# VTruST

This is the code repository for our paper 'VTruST : Controllable value function based subset selection for Data-Centric Trustworthy AI'.

# Getting Started

Run the following commands to setup the environment once you're inside the folder VTruST/:

```
conda env create -f requirements.txt
```

After the environment gets installed,

```
conda activate vtrust
```

We provide the following instructions for both Fairness and Robustness on COMPAS and CIFAR-10 respectively.

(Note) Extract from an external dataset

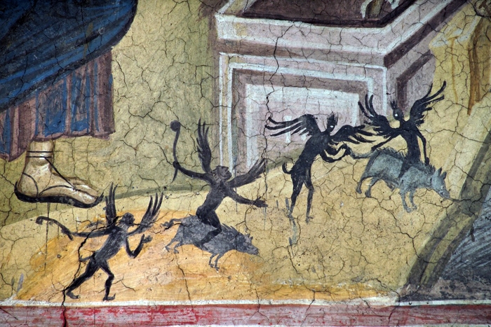 | Исцеление Гадаринских бесноватых. XIV в. Фрагмент фрески |

# Current Setup for Fairness

<i>Dataset:</i> COMPAS

<i>Model:</i> 2 layer network

The default parameters are provided in ```config.json```. One can vary the parameters by running ```python config_create.py```

In order to obtain selected datapoints and their scores, from VTruST, run

```python experiment.py```

Train the selected set of datapoints by running

```python compas_subtrain_eval.py```

# Current Setup for Robustness

<i>Dataset:</i> CIFAR-10

<i>Model:</i> ResNet-18

Please download 'CIFAR-10-C' from https://zenodo.org/record/2535967 and store it under robustness/

The default parameters are provided in ```config.json```. One can vary the parameters by running ```python config_create.py```

In order to obtain selected datapoints and their scores, from VTruST, run

```python experiment.py```

Train the selected set of datapoints by running

```python train_eval_SA.py```

Test the model for robustness by running

```python test_robust.py```

# Code Structure

The different modules in which this code repository has been organised is:

1. Dataset (dataset.py) - One can set up their own dataset as needed.

2. Model (model.py) - Different models can be added here.

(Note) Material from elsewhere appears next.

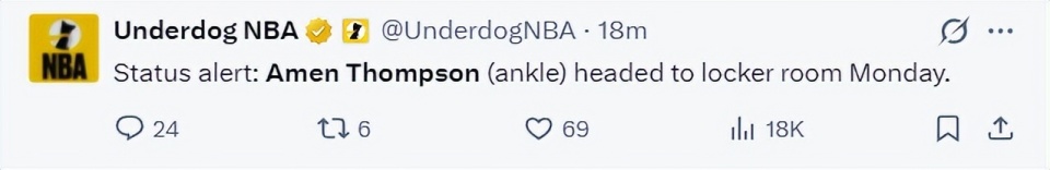 阿门第四节还剩4分多钟因为脚踝伤势返回更衣室。

3. Datapoint selection during training (run.py) - Selects datapoints and provides scores.

4. Value function definition and VTruST algorithm (helper.py) - Different other value functions can be incorporated in helper.py/valuefunc_cb().

6. Subset training (compas_subtrain_eval.py or train_eval_SA.py) - Returns the trained model using the subset and some evaluated metrics. 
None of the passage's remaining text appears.